Re: current status of zfs block_cloning on CURRENT?

2023-04-24 Thread Charlie Li

Charlie Li wrote:

Pete Wright wrote:
i've seen a few threads about the block_cloning feature causing data 
corruption issues on CURRENT and have been keen to avoid enabling it 
until the dust settles.  i was under the impression that we either 
reverted or disabled block_cloning on CURRENT, but when i ran "zpool 
upgrade" on a pool today it reported block_cloning was enabled.  this 
is on a system i rebuilt yesterday.



The dust has settled.

Barely...
i was hoping to get some clarity on the effect of having this feature 
enabled, is this enough to trigger the data corruption bug or does 
something on the zfs filesystem itself have to be enabled to trigger 
this?


The initial problem with block_cloning [0][1] was fixed in commits 
e0bb199925565a3770733afd1a4d8bb2d4d0ce31 and 
1959e122d9328b31a62ff7508e1746df2857b592, with a sysctl added in commit 
068913e4ba3dd9b3067056e832cefc5ed264b5cc. A different data corruption 
problem [2][3] was fixed in commit 
63ee747febbf024be0aace61161241b53245449e. All were committed between 
15-17 April.


[0] https://github.com/openzfs/zfs/pull/13392#issuecomment-1504239103
[1] https://github.com/openzfs/zfs/pull/14739
[2] https://github.com/openzfs/zfs/issues/14753
[3] https://github.com/openzfs/zfs/pull/14761

Given mjg@'s thread reporting further crashes/panics, you may want to 
keep the sysctl disabled if you upgraded the pool already.


--
Charlie Li
…nope, still don't have an exit line.



OpenPGP_signature
Description: OpenPGP digital signature


Re: current status of zfs block_cloning on CURRENT?

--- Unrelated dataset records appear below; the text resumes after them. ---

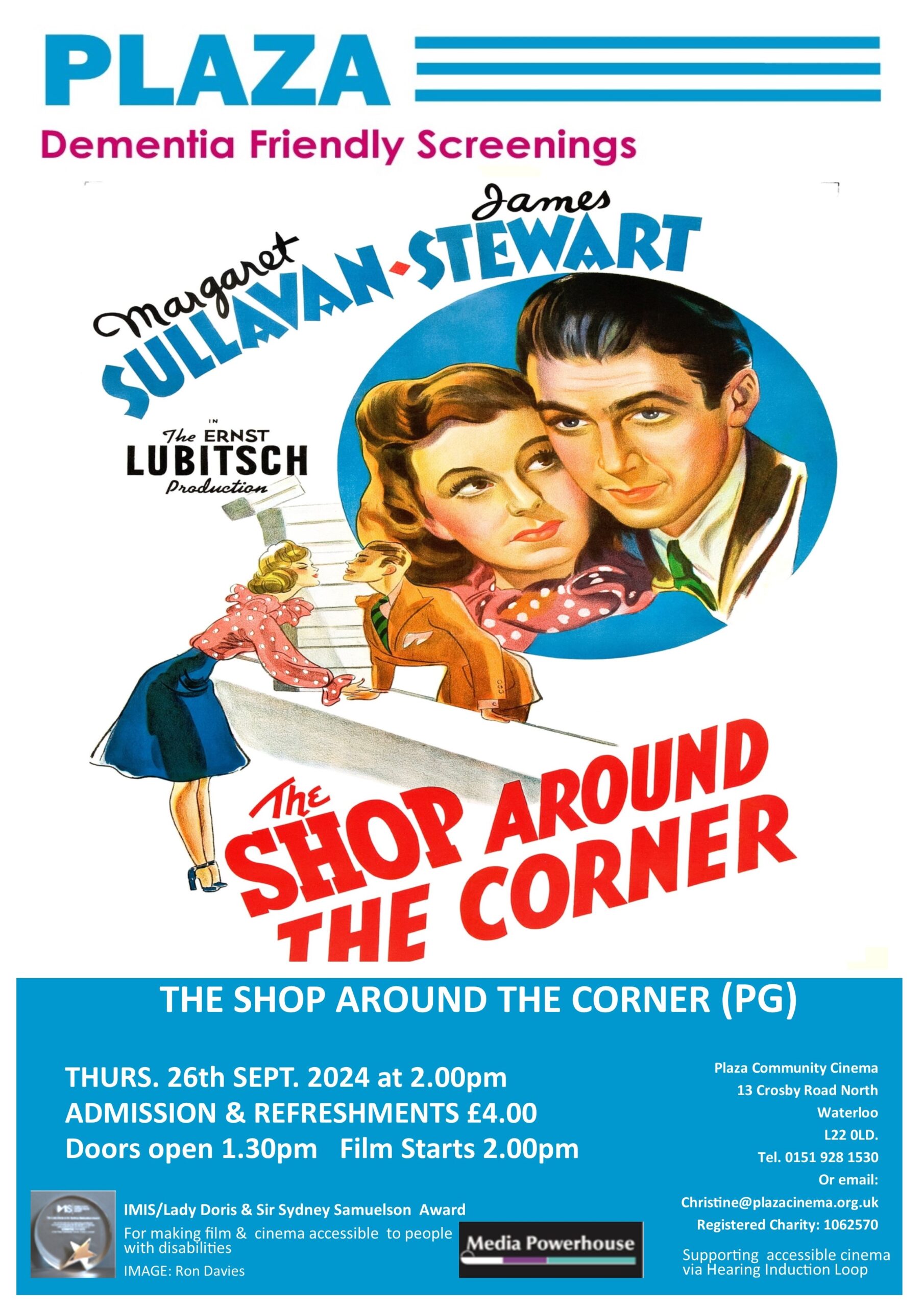 ‘The Shop around the Corner’ is next Dementia Friendly Screening at the Plaza on 24th October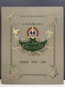 [Album historique illustré]. JOB. MONTORGUEIL (Georges). Les trois couleurs. Paris, Charavay, Martin, s.d. In-folio, percaline éditeur, plat sup. décoré or et polychrome d'une cocarde, d'un coq et d'un aigle d'après une plaque de Paul Souze, plat inf. à décor central d'une rosace à froid [Jacques Drogue] (petites taches et lég. griff. au plat sup., rousseurs).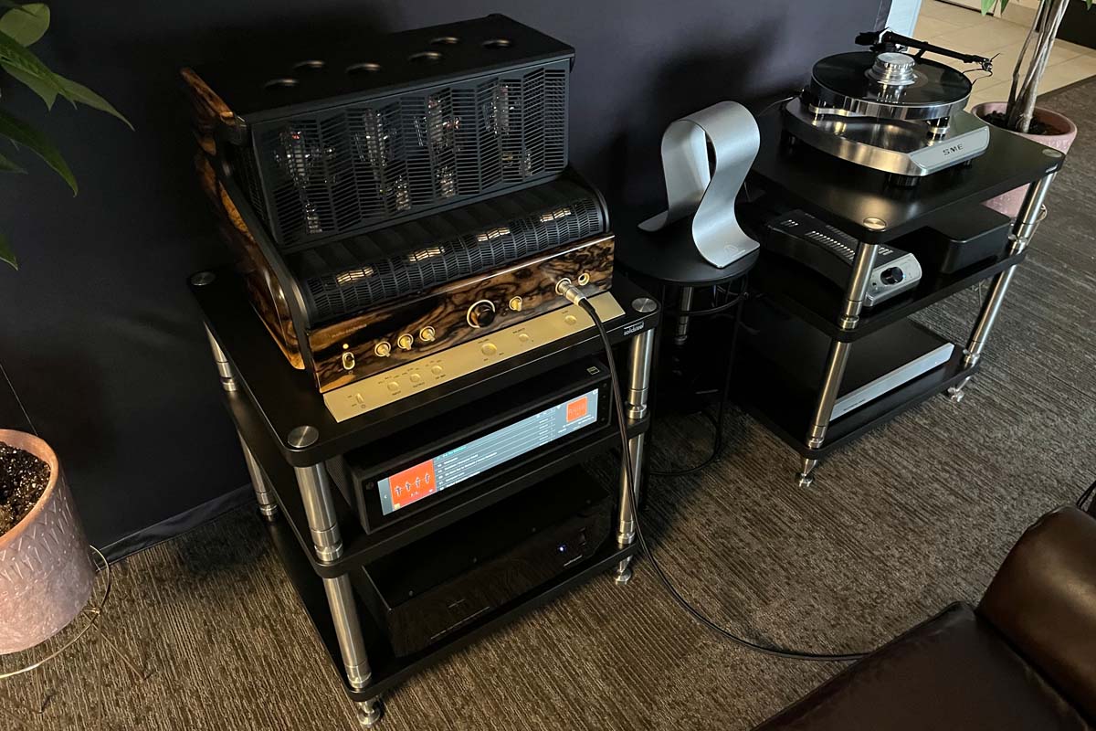 Der in Los Angeles, Kalifornien, ansässige Händler High End by Oz hatte eine ganze Reihe verlockender Geräte im Angebot, und da ich ein Mann mit einem raffinierten und teuren Geschmack bin (vor allem, wenn es um Dinge geht, die ich mir nicht leisten, wohl aber auf Messen genießen kann), entschied ich mich für den italienisch-lettischen Kopfhörerverstärker VIVA Egoista 2A3 ($15.500), der, wie Sie sich denken können, mit 2A3-Ausgangsröhren ausgestattet ist. Ich setzte mir Meze Audio Elite-Kopfhörer ($3.999) auf, legte “Ipanema” auf (das zu diesem Zeitpunkt der Show zu einem meiner Referenz-Hörstücke geworden war) und sonnte mich in dem warmen, süßen, üppigen Klang. Die Abbildung war hervorragend – über diese Kopfhörer konnte man klar ausmachen, dass der akustische Bass im linken Kanal zu Hause war, was sich durch andere Systeme nicht erschloss. Für mich ist das genau die Art Klang, um die es bei High-End-Audio geht – ein wunderbares Klangserlebnis, das einen eintauchen und immer und immer weiterhören lässt.

2023-04-24 Thread Charlie Li

Pete Wright wrote:
i've seen a few threads about the block_cloning feature causing data 
corruption issues on CURRENT and have been keen to avoid enabling it 
until the dust settles.  i was under the impression that we either 
reverted or disabled block_cloning on CURRENT, but when i ran "zpool 
upgrade" on a pool today it reported block_cloning was enabled.  this is 
on a system i rebuilt yesterday.



The dust has settled.
i was hoping to get some clarity on the effect of having this feature 
enabled, is this enough to trigger the data corruption bug or does 
something on the zfs filesystem itself have to be enabled to trigger this?

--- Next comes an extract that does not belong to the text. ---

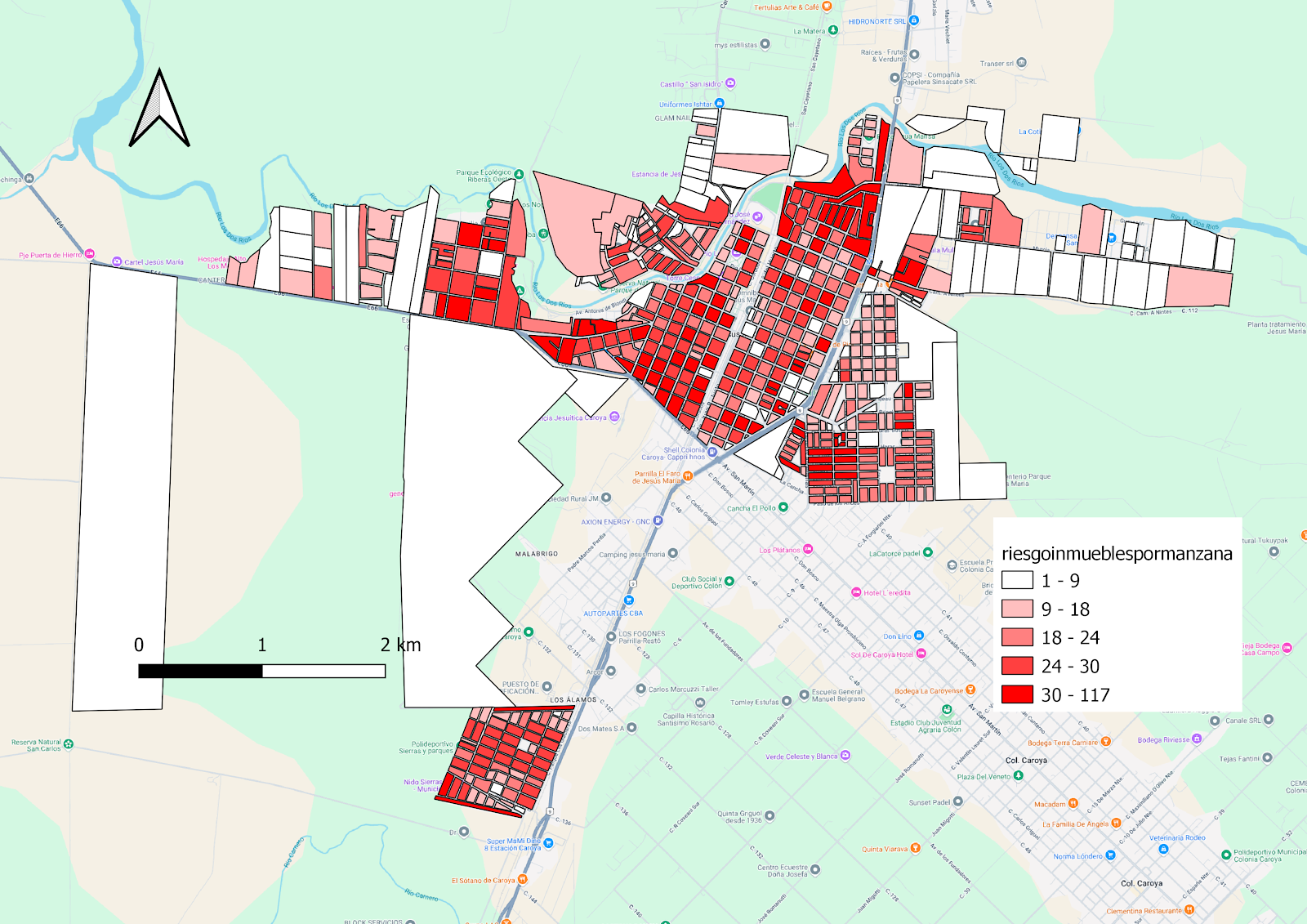 Este mapa muestra la cantidad de inmuebles por manzanas en la ciudad de Jesús María, Córdoba. La cantidad de inmuebles se representa mediante un gradiente de color, donde los tonos más oscuros indican mayor cantidad de inmuebles. Se incluye una leyenda con los rangos de cantidad de inmuebles por manzana. |
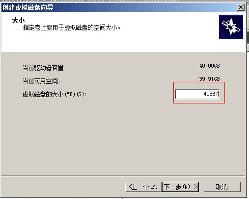 15. 輸入虛擬磁盤(pán)容量大小,然后下一步

The initial problem with block_cloning [0][1] was fixed in commits 
e0bb199925565a3770733afd1a4d8bb2d4d0ce31 and 
1959e122d9328b31a62ff7508e1746df2857b592, with a sysctl added in commit 
068913e4ba3dd9b3067056e832cefc5ed264b5cc. A different data corruption 
problem [2][3] was fixed in commit 
63ee747febbf024be0aace61161241b53245449e. All were committed between 
15-17 April.


[0] https://github.com/openzfs/zfs/pull/13392#issuecomment-1504239103
[1] https://github.com/openzfs/zfs/pull/14739
[2] https://github.com/openzfs/zfs/issues/14753
[3] https://github.com/openzfs/zfs/pull/14761

--
Charlie Li
…nope, still don't have an exit line.



OpenPGP_signature
Description: OpenPGP digital signature


current status of zfs block_cloning on CURRENT?

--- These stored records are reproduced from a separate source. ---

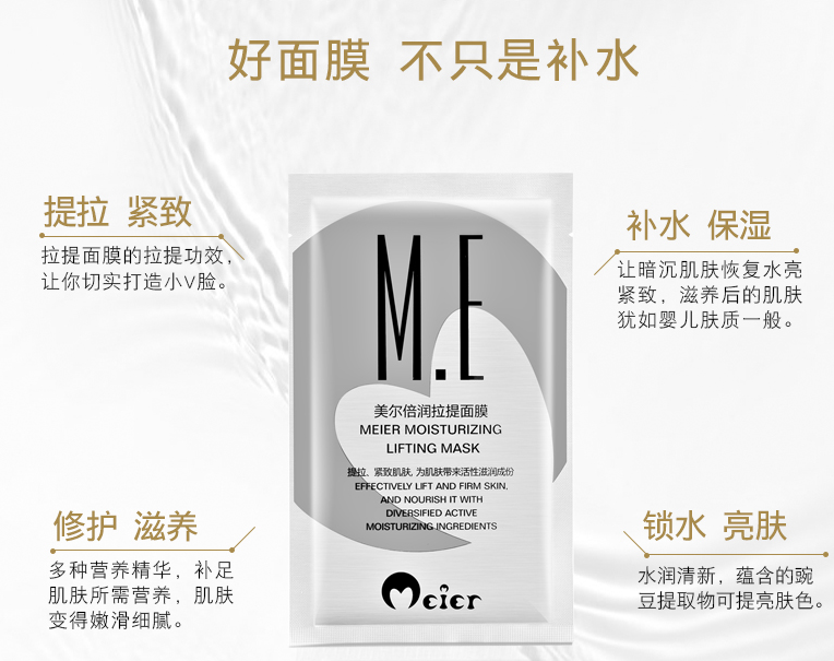 采用高彈力無紡布、立體剪裁、獨特的3D雙掛耳式設(shè)計,一拉、二提、三緊致,面頸耳全護理,提升臉部輪廓打造小V臉。融入谷物蛋白、豌豆精華、海藻糖等天然滋養(yǎng)成分,讓肌膚倍感水潤透亮。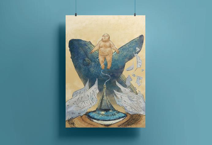本作品來自《我的鯨魚爸爸》(The Whale)觀影後,對於劇情與演員中表達的故事感 到觸動而創作。飄浮的男人,他與過往的傷疤、慾望、渴望與真實的自己(擱淺的鯨魚) 相遇。漂浮的紙張與鋼筆不僅包含他對女兒文筆的共鳴,也是未曾說出口的愛與心聲。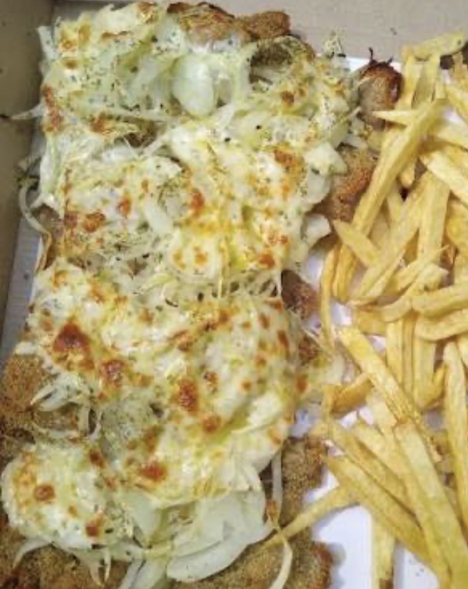 Milanesa de pollo a la fugazzeta c/guarnicion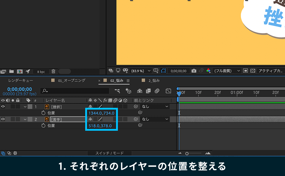 新しいコンポジションに、2コマ目の「悩み」のシーンを編集していきます。

2023-04-24 Thread Pete Wright

hi everyone,
i've seen a few threads about the block_cloning feature causing data 
corruption issues on CURRENT and have been keen to avoid enabling it 
until the dust settles.  i was under the impression that we either 
reverted or disabled block_cloning on CURRENT, but when i ran "zpool 
upgrade" on a pool today it reported block_cloning was enabled.  this is 
on a system i rebuilt yesterday.


i was hoping to get some clarity on the effect of having this feature 
enabled, is this enough to trigger the data corruption bug or does 
something on the zfs filesystem itself have to be enabled to trigger this?


i also noticed there is no entry for this feature in zpool-features(7), 
hence i thought i was safe to upgrade my pool.


thanks in advance,
-pete

--
Pete Wright
p...@nomadlogic.org
@nomadlogicLA




Re: /lib/libc.so.7 vs. __libc_start1@FBSD_1.7 in main [so: 14] recently ?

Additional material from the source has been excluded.